Khosravi Bardia, Rouzrokh Pouria, Erickson Bradley J, Garner Hillary W, Wenger Doris E, Taunton Michael J, Wyles Cody C
Department of Orthopedic Surgery, Mayo Clinic, Rochester, MN, USA.
Department of Radiology, Mayo Clinic, Rochester, MN, USA.
Arthroplast Today. 2024 Sep 23;29:101503. doi: 10.1016/j.artd.2024.101503. eCollection 2024 Oct.
Discrepancies in medical data sets can perpetuate bias, especially when training deep learning models, potentially leading to biased outcomes in clinical applications. Understanding these biases is crucial for the development of equitable healthcare technologies. This study employs generative deep learning technology to explore and understand radiographic differences based on race among patients undergoing total hip arthroplasty.

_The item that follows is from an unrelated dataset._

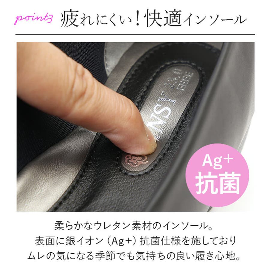・インソールには長時間歩いても疲れにくい、柔らかなウレタン素材を使用。さらに中敷表面層に銀イオン(Ag+)抗菌剤を練り込み、いつでも清潔で気持ちの良い履き心地。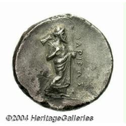 Carian Satraps. Hidrieus. 351-343 B.C. AR tetradrachm (24 mm, 14.79 g). Laureate head of Apollo facing slightly right; clamys tied at neck truncation / Zeus Labraundos standing right, holding labrys and lotus-tipped sceptre. S. Hurter, "The 'Pixodaros Hoard': A Summary,'" Essays Price 46 (this coin). Toned XF, well centered and impressive. Ex Pixodaros Hoard. Important notice: Heritage usually auctions material at the rate of 200-250 lots per hour. On some occasions eBay Live bid software or the Internet may not be able to keep up with the pace of the auction. We recommend placing a realistic absentee bid now as insurance to avoid disappointment. Occasionally the auctioneer may eliminate or reject an eBay Live bid, and the auctioneer may also reopen a lot after the close of the eBay live bidding (usually because we missed an audience bid), and may reject your bid even if it shows you as the winning bidder. By bidding via eBay Live, you agree that Heritage may award the lot to another bidder at its sole discretion under the circumstances described above or any other reasonable circumstances. Also please note that all Heritage lots purchased through eBay Live carry a 20% Buyer's Premium. Please make sure you read the Terms and Conditions before you bid.

Utilizing a large institutional registry, we retrospectively analyzed pelvic radiographs from total hip arthroplasty patients, characterized by demographics and image features. Denoising diffusion probabilistic models generated radiographs conditioned on demographic and imaging characteristics. Fréchet Inception Distance assessed the generated image quality, showing the diversity and realism of the generated images. Sixty transition videos were generated that showed transforming White pelvises to their closest African American counterparts and vice versa while controlling for patients' sex, age, and body mass index. Two expert surgeons and 2 radiologists carefully studied these videos to understand the systematic differences that are present in the 2 races' radiographs.
Our data set included 480,407 pelvic radiographs, with a predominance of White patients over African Americans. The generative denoising diffusion probabilistic model created high-quality images and reached an Fréchet Inception Distance of 6.8. Experts identified 6 characteristics differentiating races, including interacetabular distance, osteoarthritis degree, obturator foramina shape, femoral neck-shaft angle, pelvic ring shape, and femoral cortical thickness.
This study demonstrates the potential of generative models for understanding disparities in medical imaging data sets. By visualizing race-based differences, this method aids in identifying bias in downstream tasks, fostering the development of fairer healthcare practices.
医疗数据集的差异会使偏差长期存在,尤其是在训练深度学习模型时,这可能导致临床应用中的结果出现偏差。了解这些偏差对于公平医疗技术的发展至关重要。本研究采用生成式深度学习技术,探索并理解全髋关节置换术患者基于种族的影像学差异。
利用一个大型机构登记处,我们回顾性分析了全髋关节置换术患者的骨盆X光片,以人口统计学和图像特征为特征。去噪扩散概率模型根据人口统计学和成像特征生成X光片。弗雷歇因ception距离评估生成图像的质量,显示生成图像的多样性和真实感。生成了60个过渡视频,展示了将白人骨盆转变为最接近的非裔美国人骨盆,反之亦然,同时控制患者的性别、年龄和体重指数。两名专家外科医生和两名放射科医生仔细研究了这些视频,以了解两个种族X光片中存在的系统差异。
我们的数据集包括480407张骨盆X光片,白人患者比非裔美国人占比更多。生成式去噪扩散概率模型创建了高质量图像,弗雷歇因ception距离达到6.8。专家们确定了6个区分种族的特征,包括髋臼间距离、骨关节炎程度、闭孔形状、股骨颈干角、骨盆环形状和股骨皮质厚度。
本研究证明了生成模型在理解医学影像数据集差异方面的潜力。通过可视化基于种族的差异,这种方法有助于识别下游任务中的偏差,促进更公平医疗实践的发展。